══ Working data
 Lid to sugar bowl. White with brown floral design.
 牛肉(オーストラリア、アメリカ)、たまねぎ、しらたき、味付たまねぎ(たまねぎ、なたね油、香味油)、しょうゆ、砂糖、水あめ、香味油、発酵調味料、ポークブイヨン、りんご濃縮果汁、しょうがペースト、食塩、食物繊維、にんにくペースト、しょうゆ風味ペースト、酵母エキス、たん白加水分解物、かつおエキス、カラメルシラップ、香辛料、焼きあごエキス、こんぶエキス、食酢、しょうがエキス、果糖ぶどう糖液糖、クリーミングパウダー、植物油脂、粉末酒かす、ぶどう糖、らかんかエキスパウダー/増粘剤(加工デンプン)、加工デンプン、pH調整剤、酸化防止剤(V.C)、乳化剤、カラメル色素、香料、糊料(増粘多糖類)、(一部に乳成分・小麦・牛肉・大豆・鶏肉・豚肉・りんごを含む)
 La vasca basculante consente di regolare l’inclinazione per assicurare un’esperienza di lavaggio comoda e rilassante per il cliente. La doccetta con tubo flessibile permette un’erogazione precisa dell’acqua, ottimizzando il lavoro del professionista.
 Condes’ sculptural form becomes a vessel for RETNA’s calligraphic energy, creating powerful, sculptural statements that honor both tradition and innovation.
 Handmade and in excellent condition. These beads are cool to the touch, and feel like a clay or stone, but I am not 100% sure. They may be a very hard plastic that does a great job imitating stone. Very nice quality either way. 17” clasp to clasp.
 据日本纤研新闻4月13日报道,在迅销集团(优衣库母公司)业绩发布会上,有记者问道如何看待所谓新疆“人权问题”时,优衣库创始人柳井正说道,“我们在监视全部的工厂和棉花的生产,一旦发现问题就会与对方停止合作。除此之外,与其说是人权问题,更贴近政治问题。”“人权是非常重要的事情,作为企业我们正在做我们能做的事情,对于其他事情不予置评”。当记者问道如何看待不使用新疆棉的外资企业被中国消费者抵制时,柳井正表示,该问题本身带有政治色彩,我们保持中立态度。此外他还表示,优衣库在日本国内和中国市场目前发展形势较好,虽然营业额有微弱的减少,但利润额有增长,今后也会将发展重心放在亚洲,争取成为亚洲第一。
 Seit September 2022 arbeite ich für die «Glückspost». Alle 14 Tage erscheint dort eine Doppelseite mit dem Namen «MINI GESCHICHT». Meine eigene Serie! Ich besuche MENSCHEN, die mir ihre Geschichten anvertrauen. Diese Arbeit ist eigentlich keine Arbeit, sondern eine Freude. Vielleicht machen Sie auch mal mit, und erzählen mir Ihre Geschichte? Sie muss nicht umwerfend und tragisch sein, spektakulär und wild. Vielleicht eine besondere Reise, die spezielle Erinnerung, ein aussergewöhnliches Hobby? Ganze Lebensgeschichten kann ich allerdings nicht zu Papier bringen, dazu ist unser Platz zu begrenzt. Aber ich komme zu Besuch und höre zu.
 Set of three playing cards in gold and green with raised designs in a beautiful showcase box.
════
Your instructions:
Only lines containing the word "that" should appear in the answer, and every such line from the records above must be there.

Response area:
 Condes’ sculptural form becomes a vessel for RETNA’s calligraphic energy, creating powerful, sculptural statements that honor both tradition and innovation.
 Handmade and in excellent condition. These beads are cool to the touch, and feel like a clay or stone, but I am not 100% sure. They may be a very hard plastic that does a great job imitating stone. Very nice quality either way. 17” clasp to clasp.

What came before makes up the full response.